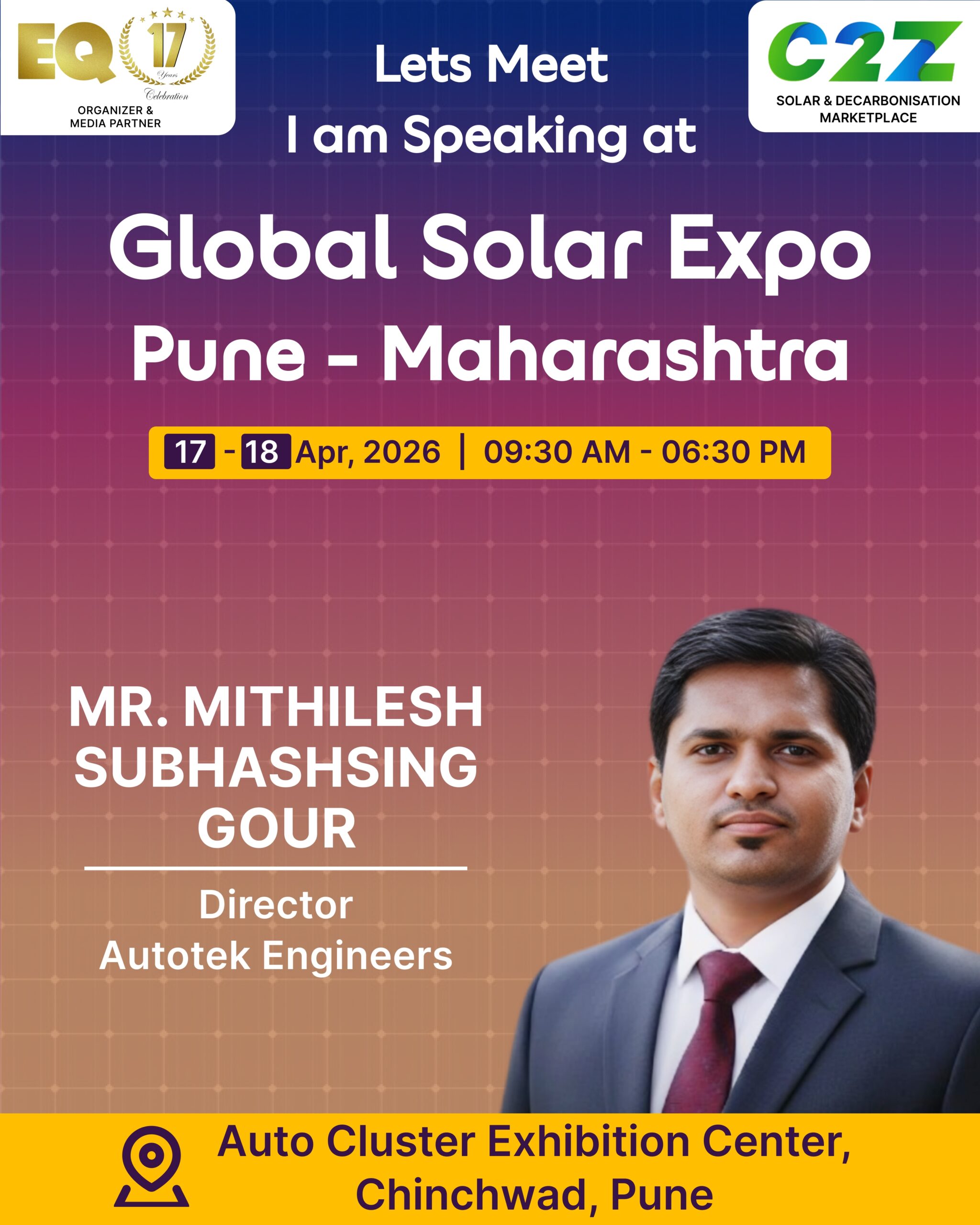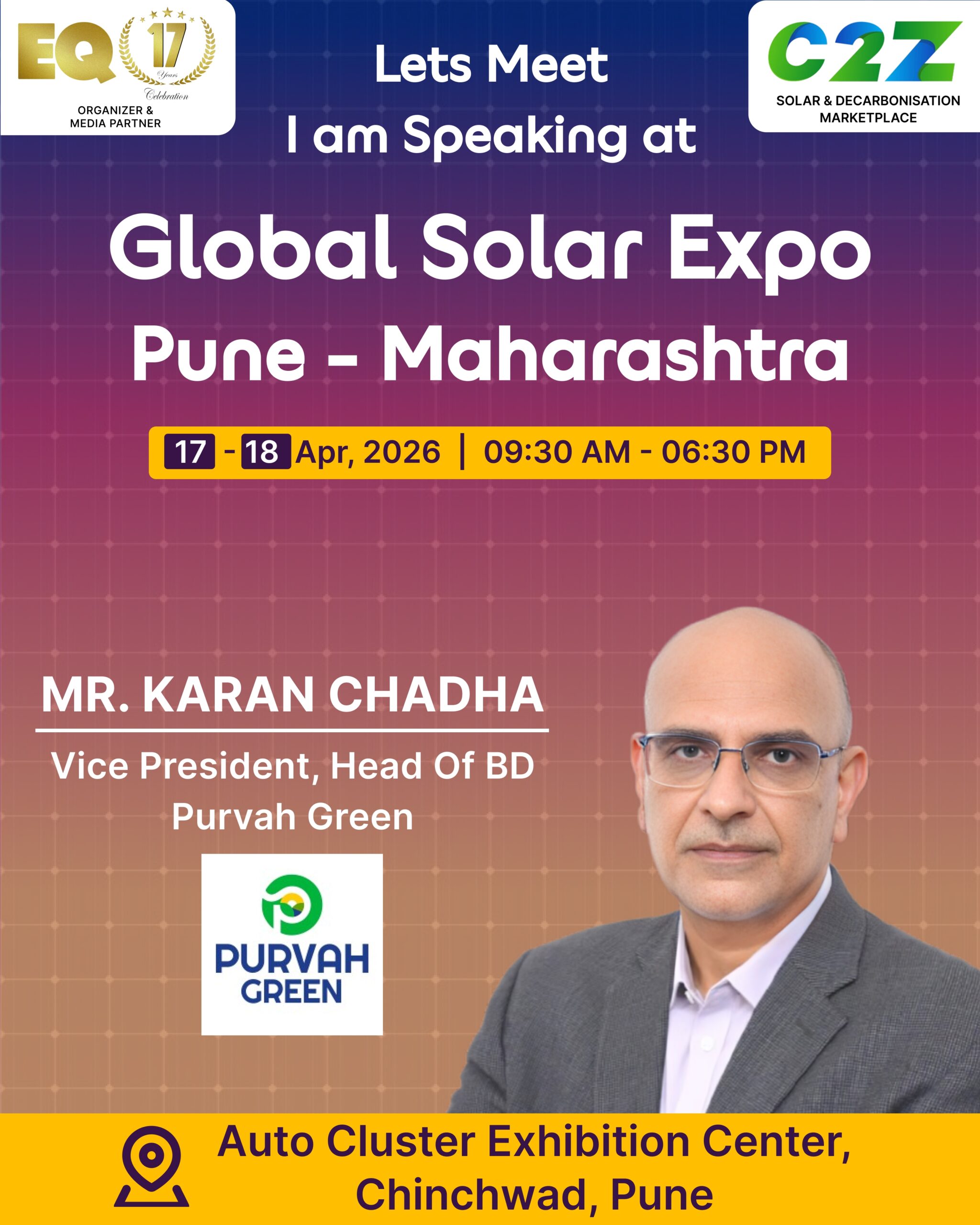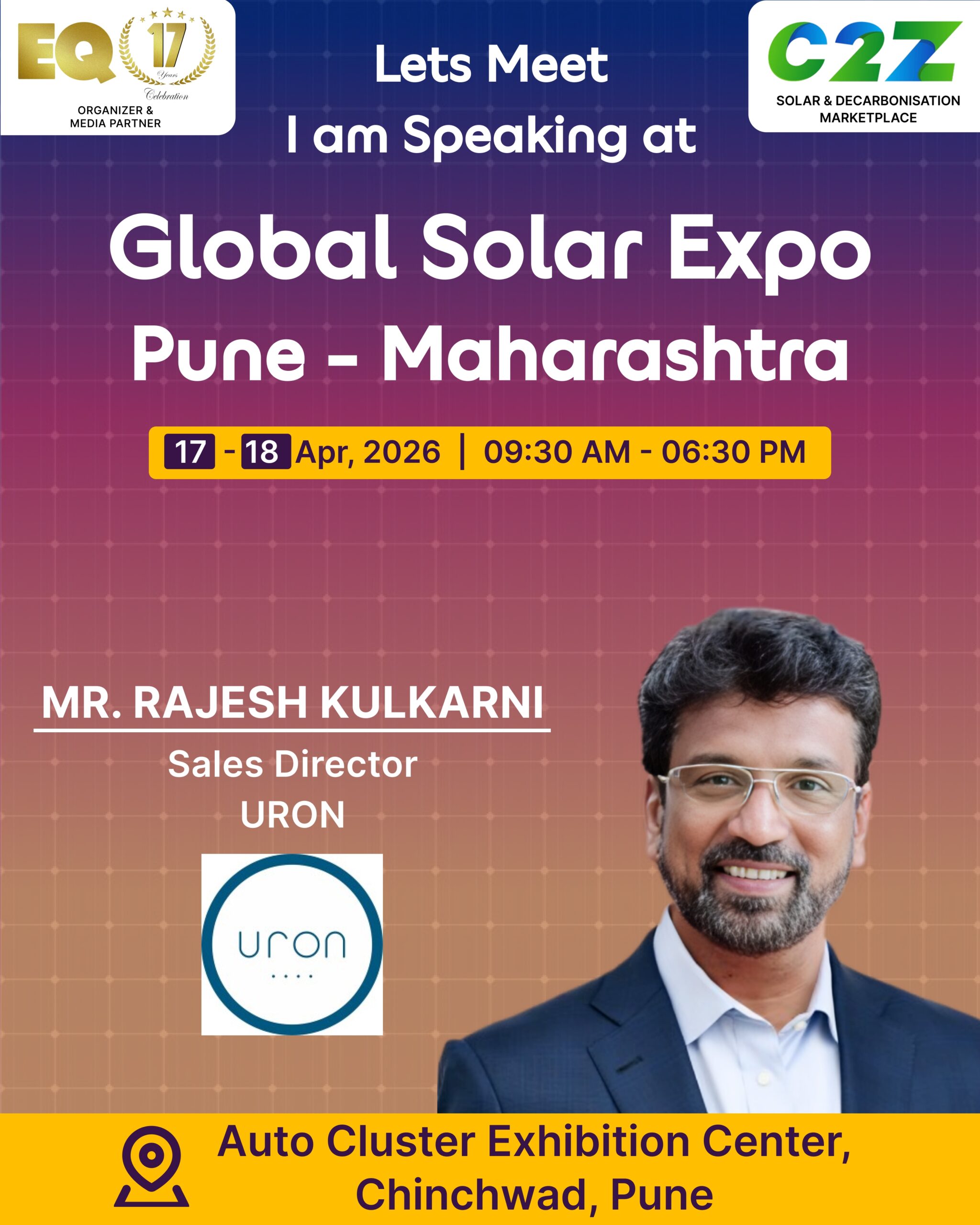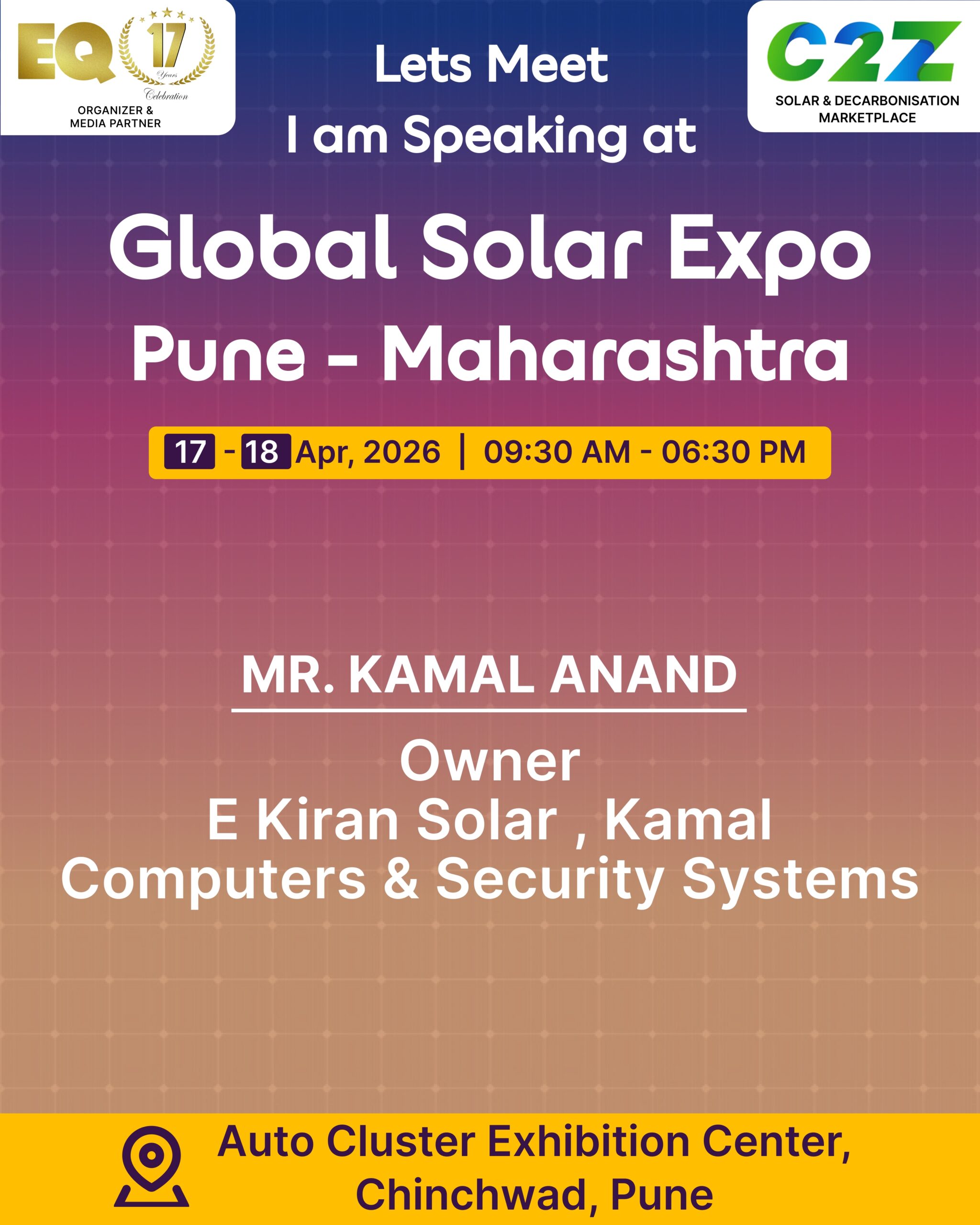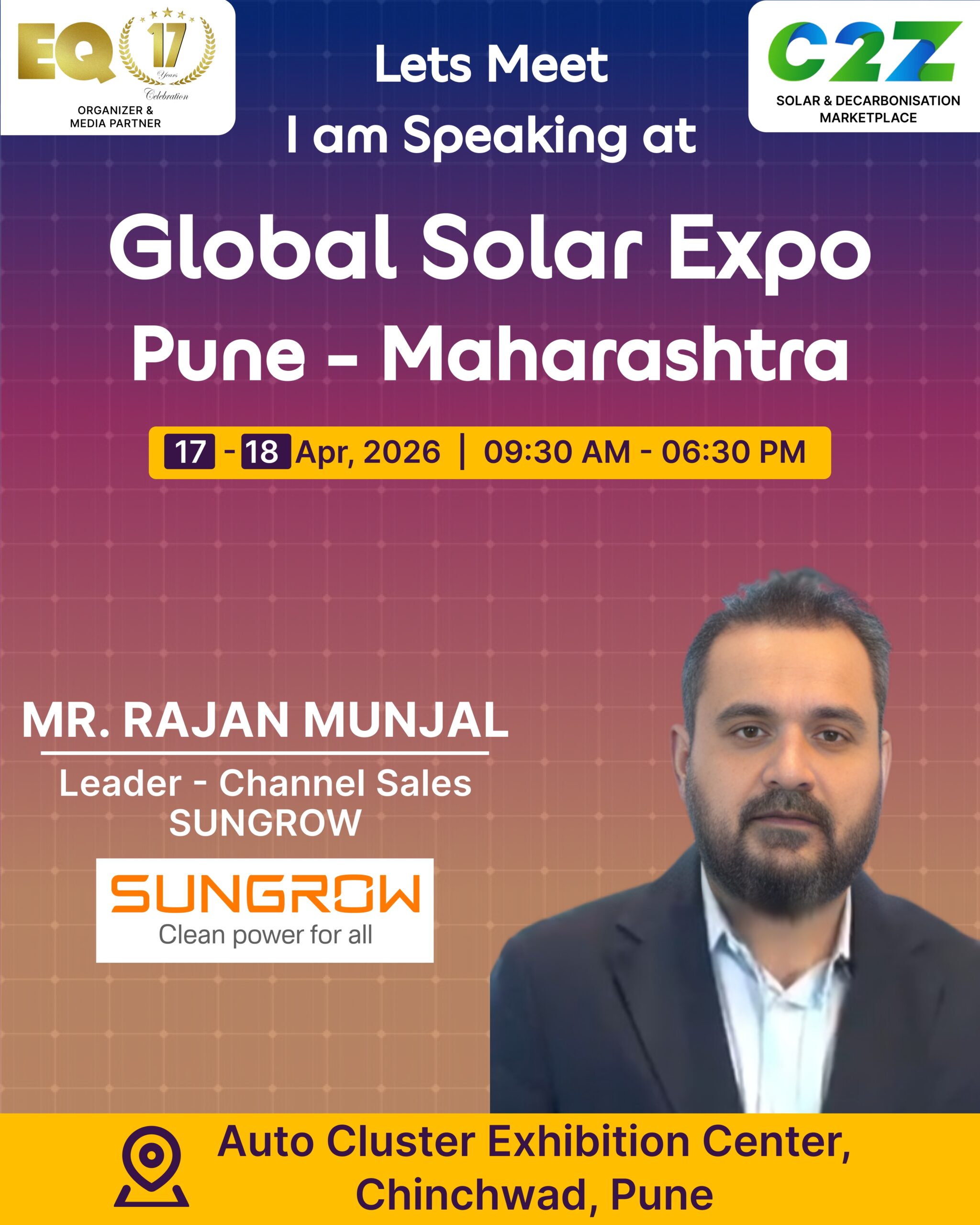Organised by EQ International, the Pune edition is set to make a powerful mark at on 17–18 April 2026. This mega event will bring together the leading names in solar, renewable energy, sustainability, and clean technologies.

...

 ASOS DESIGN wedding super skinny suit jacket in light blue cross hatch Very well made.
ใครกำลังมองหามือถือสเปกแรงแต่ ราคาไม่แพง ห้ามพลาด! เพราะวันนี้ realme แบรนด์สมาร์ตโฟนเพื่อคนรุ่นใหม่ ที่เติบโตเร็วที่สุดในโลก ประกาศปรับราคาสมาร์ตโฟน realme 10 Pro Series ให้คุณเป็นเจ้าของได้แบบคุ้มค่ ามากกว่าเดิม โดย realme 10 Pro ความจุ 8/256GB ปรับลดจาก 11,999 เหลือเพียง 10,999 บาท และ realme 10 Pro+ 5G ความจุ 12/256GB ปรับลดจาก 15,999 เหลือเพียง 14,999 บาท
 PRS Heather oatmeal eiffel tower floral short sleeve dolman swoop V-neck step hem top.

PROBLEM REQUIREMENTS:
Here the job is to set down exactly the lines of the material above that fall between the one with "ASOS DESIGN wedding" and the one with "PRS Heather oatmeal", inclusive, and nothing beyond them.

RESPONSE:
 ASOS DESIGN wedding super skinny suit jacket in light blue cross hatch Very well made.
ใครกำลังมองหามือถือสเปกแรงแต่ ราคาไม่แพง ห้ามพลาด! เพราะวันนี้ realme แบรนด์สมาร์ตโฟนเพื่อคนรุ่นใหม่ ที่เติบโตเร็วที่สุดในโลก ประกาศปรับราคาสมาร์ตโฟน realme 10 Pro Series ให้คุณเป็นเจ้าของได้แบบคุ้มค่ ามากกว่าเดิม โดย realme 10 Pro ความจุ 8/256GB ปรับลดจาก 11,999 เหลือเพียง 10,999 บาท และ realme 10 Pro+ 5G ความจุ 12/256GB ปรับลดจาก 15,999 เหลือเพียง 14,999 บาท
 PRS Heather oatmeal eiffel tower floral short sleeve dolman swoop V-neck step hem top.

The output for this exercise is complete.